[[ Data records, beginning ]]

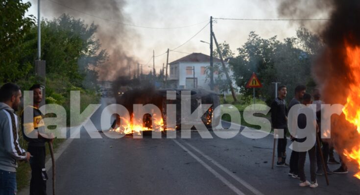 Οδοφράγματα και φωτιές στήθηκαν επί της Εθνικής οδού Σπάρτης-Γυθείου, στην είσοδο των Αμυκλών, από τις 5 περίπου το απόγευμα της Δευτέρας 26/11. Φλεγόμενο όχημα και κάδοι και εξοργισμένοι αθίγγανοι απέκλεισαν πλήρως την κυκλοφορία.
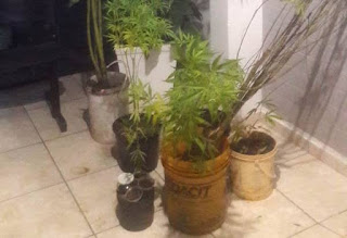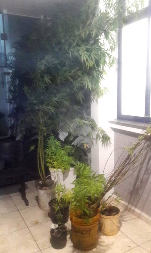 Ao realizar uma averiguação minuciosa a suspeita se confirmou. Os policiais militares aguardaram a chegada do proprietário da residência, qual autorizou a entrada das guarnições no interior do pátio, onde além da árvore que chamou a atenção foram encontradas outras quatro mudas de Cannabis Sativa plantadas e vários vasos com as sementes semeadas.
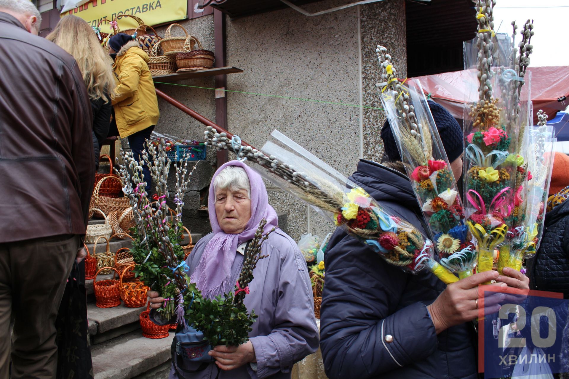 Біля кошиків продають і вербу, яку святять у Вербну неділю. Продавці пропонують і окремі гілочки верби, і цілі букети.
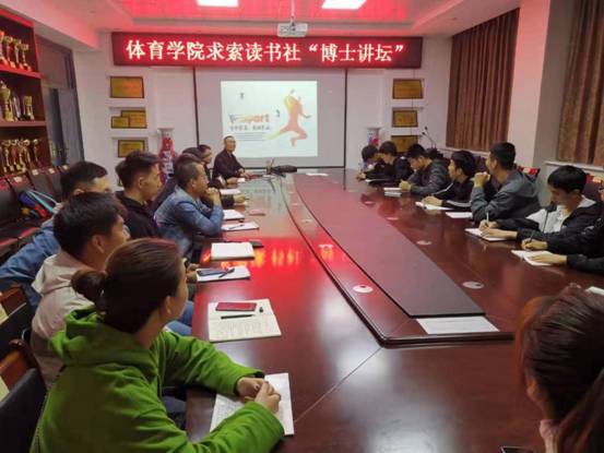 10月28日晚上,在8号教学楼8108会议室体育学院求索读书社举办“博士讲坛”。体育学院副教授、硕士生导师、河南省教育厅学术技术带头人贾洪洲博士作了《“生命在于运动”的进化论解读》的主题报告。研究生秘书李景龙、教学秘书李佳翼等老师出席讲坛。体育学院求索读书社全体同学及其研究生30余名同学参加讲坛。讲坛由求索读书社刘培钢主持。
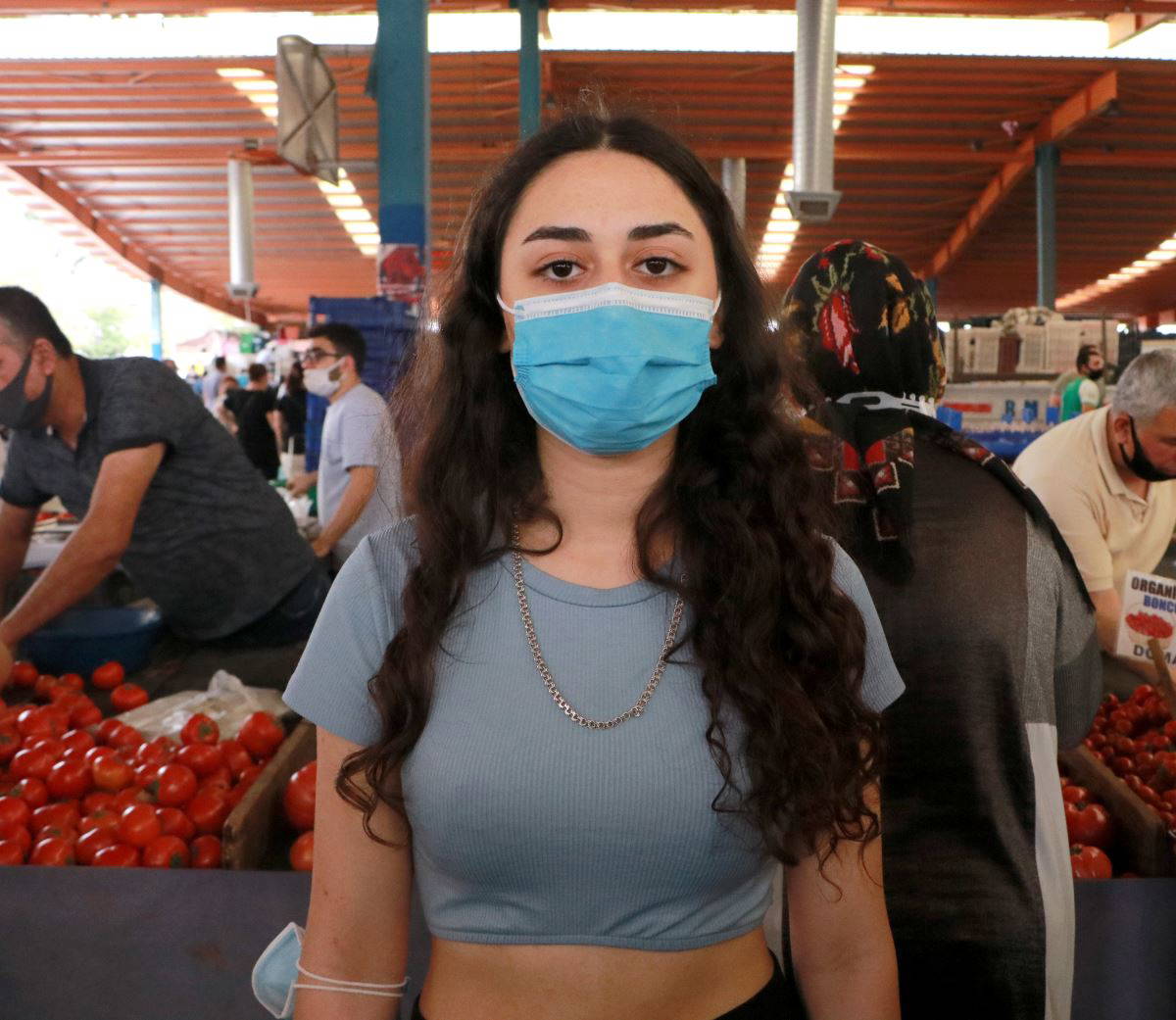 Pazar alışverişi yapmak için annesiyle birlikte gelen Aysel Özdemir, "Virüs zaten bu şekilde yayılıyor. Böyle olursa virüs bitmeyecek" dedi.
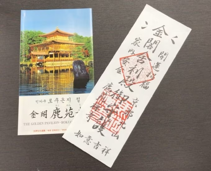 킨카쿠지(金閣寺)의 참배권은 관광객들에게 인기가 많은 부적 형태입니다. 부적에는 ‘금각사리전 어수호’라고 적혀 있습니다. 킨카쿠지를 참배하며 부적을 받을 수 있다는 점은 여행객에게 기분 좋은 선물이 됩니다. 받은 부적은 소중히 집으로 가져가시길 바랍니다.
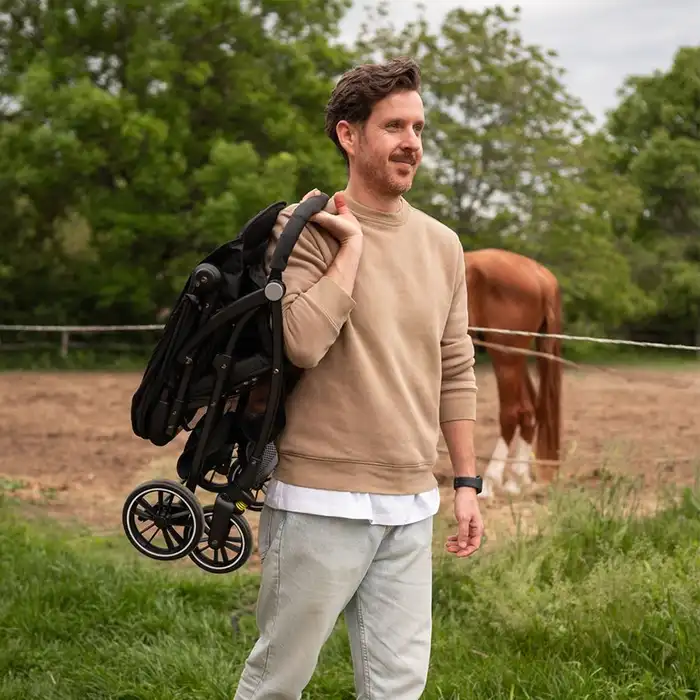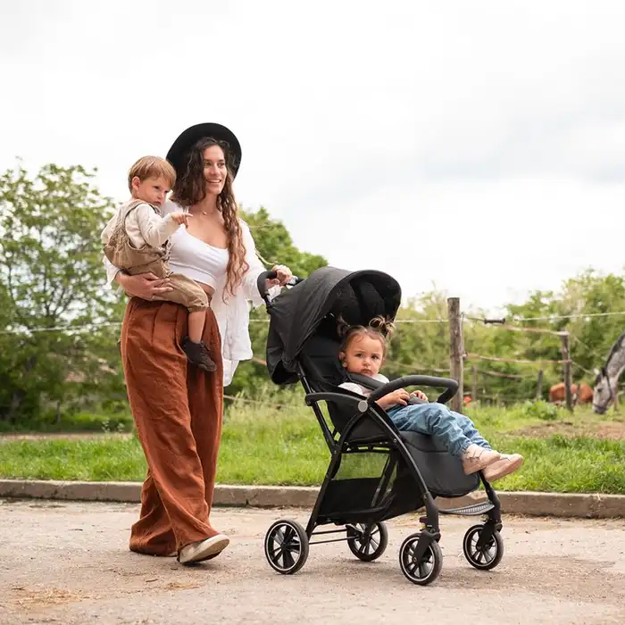 Sigurnosni pojasevi u 5 tačaka i odvojiva sigurnosna prečka obezbjeđuju maksimalnu sigurnost vašeg djeteta tokom svake vožnje. Pored toga, prostrana korpa za kupovinu i visokokvalitetni tekstil nude potrebnu udobnost i praktičnost za sve vaše dnevne aktivnosti.
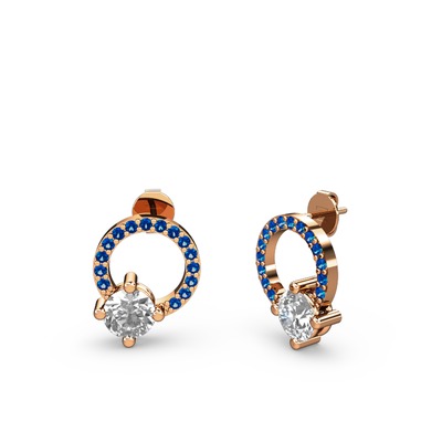 Swarovski ve lab safir 925 ayar rose altın kaplama gümüş küpe

[[ Data records, end ]]

Each entry above must come back exactly as written. Drop the images.

 Οδοφράγματα και φωτιές στήθηκαν επί της Εθνικής οδού Σπάρτης-Γυθείου, στην είσοδο των Αμυκλών, από τις 5 περίπου το απόγευμα της Δευτέρας 26/11. Φλεγόμενο όχημα και κάδοι και εξοργισμένοι αθίγγανοι απέκλεισαν πλήρως την κυκλοφορία.
 Ao realizar uma averiguação minuciosa a suspeita se confirmou. Os policiais militares aguardaram a chegada do proprietário da residência, qual autorizou a entrada das guarnições no interior do pátio, onde além da árvore que chamou a atenção foram encontradas outras quatro mudas de Cannabis Sativa plantadas e vários vasos com as sementes semeadas.
 Біля кошиків продають і вербу, яку святять у Вербну неділю. Продавці пропонують і окремі гілочки верби, і цілі букети.
 10月28日晚上,在8号教学楼8108会议室体育学院求索读书社举办“博士讲坛”。体育学院副教授、硕士生导师、河南省教育厅学术技术带头人贾洪洲博士作了《“生命在于运动”的进化论解读》的主题报告。研究生秘书李景龙、教学秘书李佳翼等老师出席讲坛。体育学院求索读书社全体同学及其研究生30余名同学参加讲坛。讲坛由求索读书社刘培钢主持。
 Pazar alışverişi yapmak için annesiyle birlikte gelen Aysel Özdemir, "Virüs zaten bu şekilde yayılıyor. Böyle olursa virüs bitmeyecek" dedi.
 킨카쿠지(金閣寺)의 참배권은 관광객들에게 인기가 많은 부적 형태입니다. 부적에는 ‘금각사리전 어수호’라고 적혀 있습니다. 킨카쿠지를 참배하며 부적을 받을 수 있다는 점은 여행객에게 기분 좋은 선물이 됩니다. 받은 부적은 소중히 집으로 가져가시길 바랍니다.
 Sigurnosni pojasevi u 5 tačaka i odvojiva sigurnosna prečka obezbjeđuju maksimalnu sigurnost vašeg djeteta tokom svake vožnje. Pored toga, prostrana korpa za kupovinu i visokokvalitetni tekstil nude potrebnu udobnost i praktičnost za sve vaše dnevne aktivnosti.
 Swarovski ve lab safir 925 ayar rose altın kaplama gümüş küpe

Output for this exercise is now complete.